Output style: the default is a styled, grouped, one-line-per-object view with clickable file:// locations; --bare/--names prints a plain name list (scriptable); --fields FIELD ... a tab-separated machine table.

Actions — each action flag applies the matching standalone command to the filtered selection, forwarding the rest of the line to that command's own options (the list selection replaces its ID). Put the filters first, then the action flag and its options. The selection applies directly (--dry-run previews):

  • --delete [--dry-run] [--prune] — delete the selected objects' bytes (artifacts and fetched datasets); --prune also drops a dataset's manifest entry. (Same options as the standalone delete; --batch is irrelevant here — the selection is already explicit — and is ignored.)
  • --move DEST [--dry-run] — move them under DEST and repoint their state records (the manifest is not edited). The tail starts with DEST.
  • --push SSH_HOST [--dry-run] / --pull SSH_HOST [--dry-run] — bulk cross-machine sync of the selection (rsync over ssh). The tail starts with SSH_HOST.
datamanifest list --cached --orphan --delete --dry-run --prune
datamanifest list --datasets --older-than 30d --move /archive --dry-run
datamanifest list --outside --push user@hpc
datamanifest list --datasets --pull user@hpc --dry-run

Maintenance never touches user-managed data — a skip_download entry, or a fixed storage_path with no $key — which the tool didn't place.

show NAME

Print full entry detail in TOML style.

path NAME

Print the resolved on-disk path (composable in shell: python analysis.py --data "$(datamanifest path foo)").

where [--manifest|--state-file|--datasets-dir|--datacache-dir] [--scan]

Show the active manifest, state file, and the datasets_dir / datacache_dir resolved for this host with their read pools folded in; notes how many tracked objects live outside those folders (list --outside to inspect). A single selector flag prints just that one bare path (scriptable). --scan probes the read pools for datasets present there but not local — the report twin of refresh --scan.

Fetch and verify

download [NAME ...] [--all] [--overwrite] [--delegate|--no-delegate]

Download specific datasets or --all of them; --overwrite re-downloads. --no-delegate disables the cross-language fetch rung for the run (--delegate forces it on); see language-bindings.md.

verify [NAME ...]

Re-check sha256 checksums (default: all present datasets); exits nonzero on any mismatch.

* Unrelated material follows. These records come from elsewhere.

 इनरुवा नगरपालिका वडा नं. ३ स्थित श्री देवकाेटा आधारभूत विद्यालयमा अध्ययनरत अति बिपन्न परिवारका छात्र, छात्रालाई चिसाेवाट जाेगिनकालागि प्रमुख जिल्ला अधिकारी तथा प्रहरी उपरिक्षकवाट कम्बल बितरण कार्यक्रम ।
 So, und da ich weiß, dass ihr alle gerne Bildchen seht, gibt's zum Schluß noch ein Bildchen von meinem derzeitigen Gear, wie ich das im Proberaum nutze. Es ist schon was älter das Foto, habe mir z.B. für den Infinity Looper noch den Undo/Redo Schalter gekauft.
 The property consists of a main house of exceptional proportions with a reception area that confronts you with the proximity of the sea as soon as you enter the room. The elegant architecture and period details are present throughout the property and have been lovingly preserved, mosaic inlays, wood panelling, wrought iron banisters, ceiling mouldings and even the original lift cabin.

update-checksums [NAME ...] [--dry-run]

Recompute stored checksums from what's on disk (e.g. after regenerating data).

Maintain

refresh [--scan] [--dry-run]

Reconcile the git-ignored state file (.datamanifest-state.toml) with disk: repoint records whose bytes moved, drop records whose bytes are gone, adopt present-but-untracked datasets. No downloads, no file moves, no bytes touched — so it applies by default; --dry-run previews, and list --dirty shows what would change first.

--scan also probes the read pools (including the well-known legacy locations) and adopts datasets present there but not local yet (checksum-gated; no downloads or copies) — the active twin of where --scan.

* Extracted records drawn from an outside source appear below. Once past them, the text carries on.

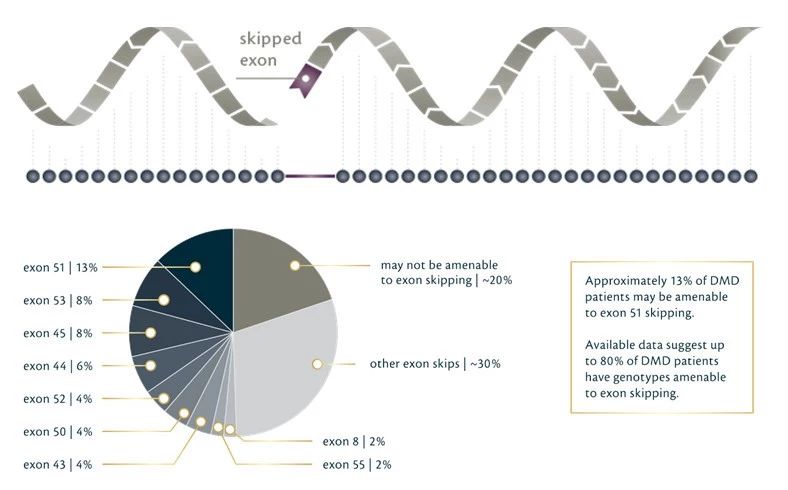 Exondys 51 (eteplirsen)是FDA批准的一种治疗方法,来自Sarepta,该疗法在DMD患者中跳过exon51,缓解DMD症状。
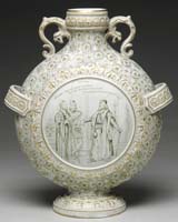WEDGWOOD QUEENSWARE COPPER COATED CUP. Circa 1930-35. Cup decorated overall with neoclassical scenes and coated with thin molded sheet of copper. Base impressed “WEDGWOOD”. SIZE: 2-3/4″ h x 3″ dia. PROVENANCE: From the private collection of Dorothy-Lee Jones. CONDITION: Very good color and patina. Slight lifting of metal sheathing around rim. With old hairline cracks running vertically downward from lip. Otherwise very good. 9-23337 (500-1,000)
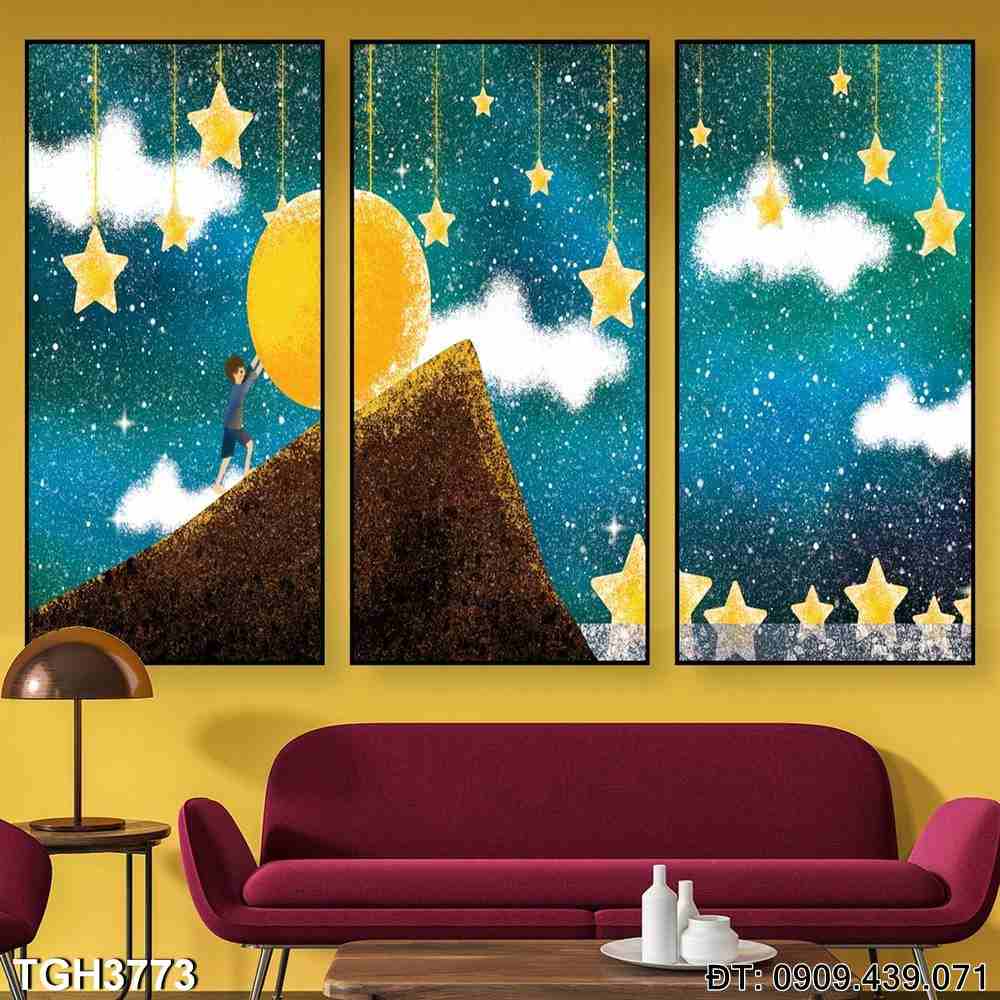 Bộ 3 tranh phòng ngủ Núi cao ngắm màn đêm – Mã:TGH3773
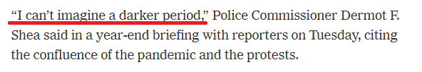2020年至今,纽约市已记录447起凶杀案,使今年成为这个美国最大城市近10年来“最血腥的一年”。用纽约市警察局长德莫特·谢伊在12月29日年度简报会上的话说:“我无法想象出还会有什么时候比现在更黑暗。”
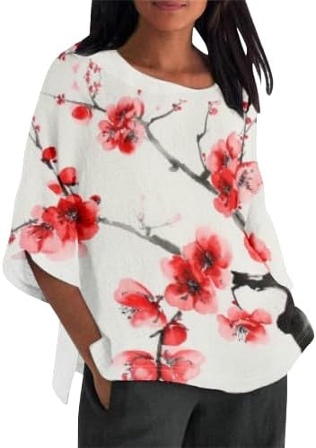 Womens Tops 3/4 Sleeve Japanese Art Print Cotton Linen Crewneck Summer Lounge Loose Fit Casual Shirts

delete ID [--dry-run] [--batch] [--prune]

Delete a stored object's bytes and prune its state-file record. By default the manifest entry stays (the recipe survives, so it can be re-fetched); --prune also drops the dataset's manifest entry (≡ remove; no effect on cached artifacts, which have no entry). Protected (user-managed / skip_download / lazy_access) data is skipped. The object is addressed by its machine-independent id: a fetched dataset by name/alias/doi, a produced artifact by cachetype[/version]/hash (full or an unambiguous hash prefix). An ambiguous id errors unless --batch (act on all matches).

move ID DEST [--dry-run] [--batch]

Move a stored object's bytes under DEST and repoint its state record; the manifest is not edited (a later re-fetch still follows datasets_dir). Same addressing as delete.

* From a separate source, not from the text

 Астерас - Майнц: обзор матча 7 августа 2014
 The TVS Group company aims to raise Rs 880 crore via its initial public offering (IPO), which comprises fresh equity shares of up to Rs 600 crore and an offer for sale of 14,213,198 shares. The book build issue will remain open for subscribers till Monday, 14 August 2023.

remove NAME [--keep-cache]

Delete a dataset's manifest entry; --keep-cache preserves its files on disk.

Sync between machines

push ID SSH_HOST [--dry-run] [--batch] / pull ID SSH_HOST [--dry-run] [--batch]

Transfer a single stored object to / from an SSH host (rsync over ssh), same addressing as delete. --dry-run reports the selection (id, kind, paths, size) and transfers nothing. For bulk transfers, filter with list and use its --push / --pull actions.

  • The SSH target (user@host) is both the transport and the host identity — no remote registry.
  • The receiver's folders are resolved best-effort from the remote's own environment (the tool probes DATAMANIFEST_* via ssh <host> 'source ~/.bashrc; env'), then the manifest's [_STORAGE._HOST] rules for that host, then the default.
  • A local / $repo-relative object is not syncable — point datasets_dir / datacache_dir at a machine-global location (e.g. $user_data_dir/…) for an object to be syncable.
  • Sync writes no manifest — a transferred object lands in the destination store as an orphan (present, unreferenced) and is immediately usable; it is idempotent (a no-op when the target already holds the object complete).

Configure storage

storage [show] / storage set FIELD VALUE... [--host GLOB|--all-hosts] / storage unset FIELD [...]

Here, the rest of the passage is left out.